◆ **Task goal**: In the output, include exactly the lines from the beginning of the records up to and including the one that contains "English: Maradona playing", and leave out the pictures.

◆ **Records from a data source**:
=== Begin Enclosure ===

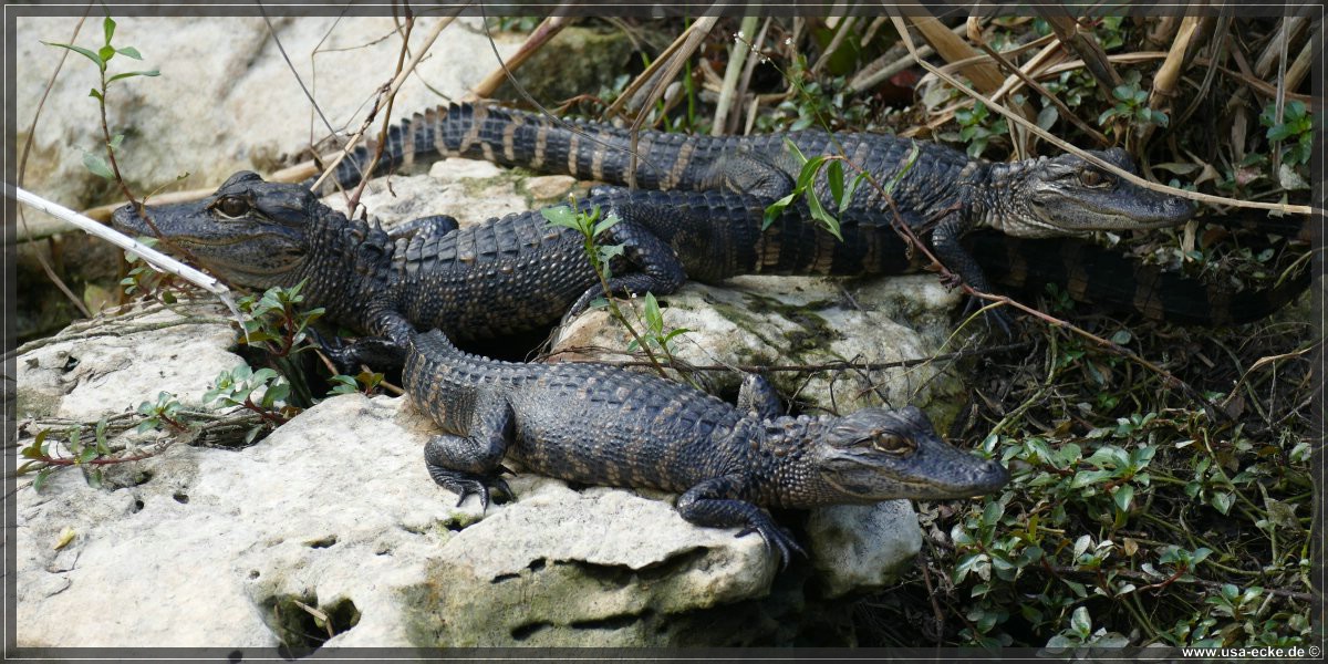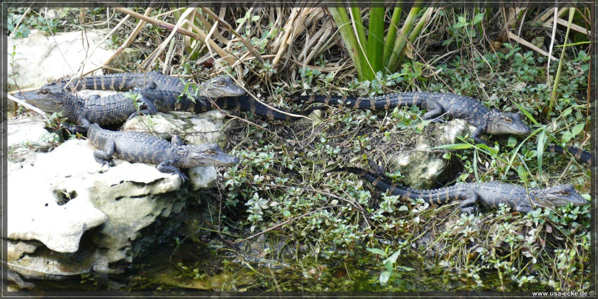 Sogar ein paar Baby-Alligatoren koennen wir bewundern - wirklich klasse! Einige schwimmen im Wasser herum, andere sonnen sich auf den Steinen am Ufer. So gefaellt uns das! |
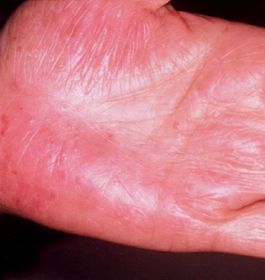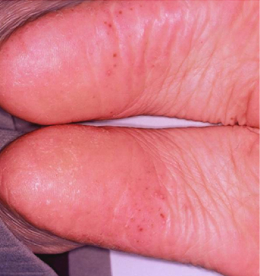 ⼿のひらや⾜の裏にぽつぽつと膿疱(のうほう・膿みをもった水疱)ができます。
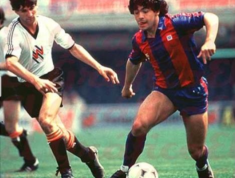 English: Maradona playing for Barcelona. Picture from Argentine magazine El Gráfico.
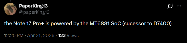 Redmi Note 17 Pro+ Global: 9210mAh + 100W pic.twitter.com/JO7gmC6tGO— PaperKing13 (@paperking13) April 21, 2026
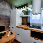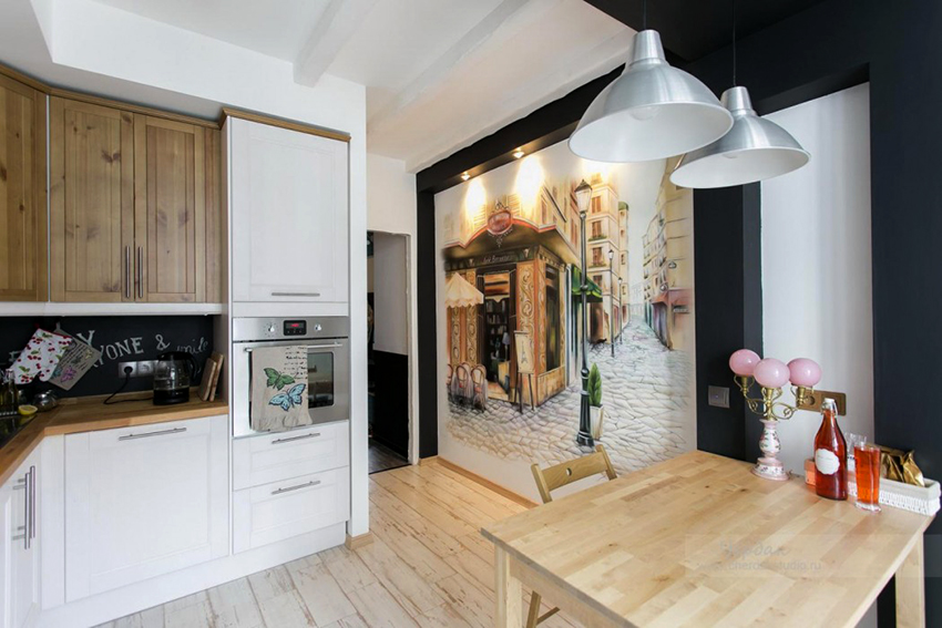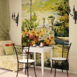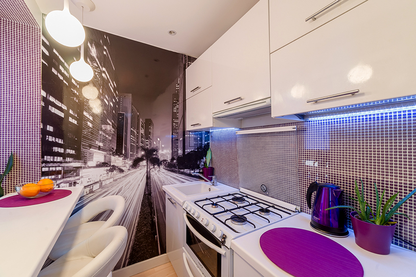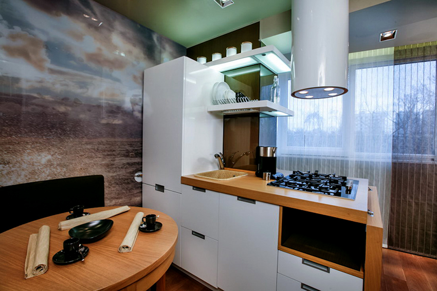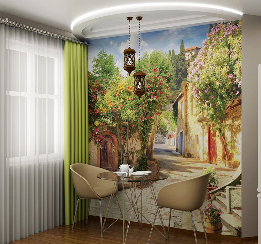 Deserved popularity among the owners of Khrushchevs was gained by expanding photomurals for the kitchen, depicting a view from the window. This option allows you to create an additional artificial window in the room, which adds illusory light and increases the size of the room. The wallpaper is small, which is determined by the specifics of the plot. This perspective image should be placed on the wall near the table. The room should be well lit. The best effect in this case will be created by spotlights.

=== End Enclosure ===

◆ **Task output**:
 Sogar ein paar Baby-Alligatoren koennen wir bewundern - wirklich klasse! Einige schwimmen im Wasser herum, andere sonnen sich auf den Steinen am Ufer. So gefaellt uns das! |
 ⼿のひらや⾜の裏にぽつぽつと膿疱(のうほう・膿みをもった水疱)ができます。
 English: Maradona playing for Barcelona. Picture from Argentine magazine El Gráfico.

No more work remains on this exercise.